Lily - Nightlife in Tokyo
(NoCorner)

Mysterious, presumably Bristol-based producer Lily returns with another tape of damp futurism following on from last year’s fantastic Modern Malaise. While that tape was bent on a William Gibson cyberpunk vision of the future, this one turns to some "furiously penned, half-remembered notes from the streets of Tokyo" for inspiration, and discovers a fully realised retrofuturist city in existence right here on the real planet Earth. Again, Lily’s a dab hand at writing killer little melodies that seem snatched right from the psyche of a wide-eyed Westerner in the Japanese city of neon. The keyboard sounds and grinding thud thud of decayed techno beats however, remain just roughed up enough to evoke the dampness of those Japanese pavements, or the grease stains around an eatery’s air vent. It’s a cracked and dank version of an increasingly busy future, but that doesn’t make it any less thrilling. It’s presumably the kind of atmosphere overwrought French movie Enter the Void was aiming for but just about failed to capture: the chaos, paranoia, and bacchanal neon-lit images of Tokyo misadventures. Some of the tunes are solid bangers in and of themselves, notably ‘Cassette Cowboy’ or the skewed weird beats on ‘The Empire Never Ended’, but the tape works best as one long cyberpunk adventure, consumed all at once.

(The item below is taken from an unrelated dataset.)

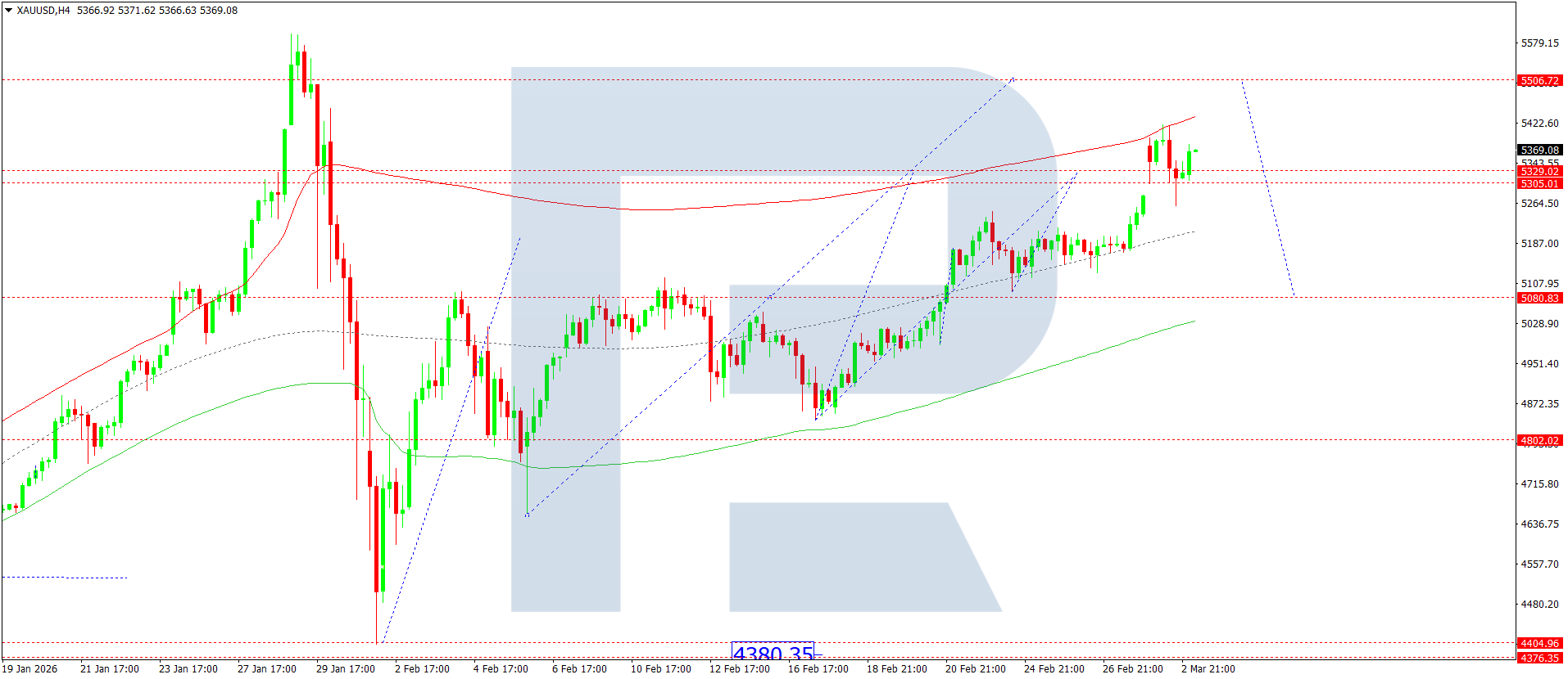 XAUUSD жұбының H4 графигінде нарық 5,419 деңгейіне жетіп, өсу толқынын аяқтады. Бүгін, 3 наурыз 2026, осы деңгейден төмен консолидация диапазонының қалыптасуы күтіледі. Диапазоннан жоғары бағытта бұзылу 5,511 деңгейіне дейін толқынның дамуына мүмкіндік ашады, ал төмен бағытта бұзылу 5,080 деңгейіне дейін түзетуші қозғалысты тудыруы мүмкін.

Mustapha Bière - Fieldwork
(Tape du Jour)

A strangely affecting tape by UK producer Matthew Greasley, Fieldwork is filled with glorious small details that help it stand out in a ridiculously busy niche. Greasley’s eight tracks stay relatively concise, and reject standard song structures. They float freely, utilising an open ended palette familiar to Boards Of Canada fans, and similarly well versed in discerning rolling green hillsides amid spacey synths and beats. Opening track ‘Choke’ delights in a strange shuffle and lurching synth line which never quite slots into a groove - an effect wheeled out throughout the record. Fieldwork has a real mix or energy levels throughout, hinting at snare drum motorik on ‘Drillin'’, sparse atmospheres around a scarred Jungle beat on ‘Sinthool’, and even a simmering Ben Frostian rumble on ‘Glorious’ that’s replete with both a real life choir and some devilish percussion always kept at more than an arm’s length deep. If the Warp label didn’t exist this album would be a lot more essential - but it should say something about how great Fieldwork is that in a world where Warp does exist, I’ve gone back and spun it more than a few extra times.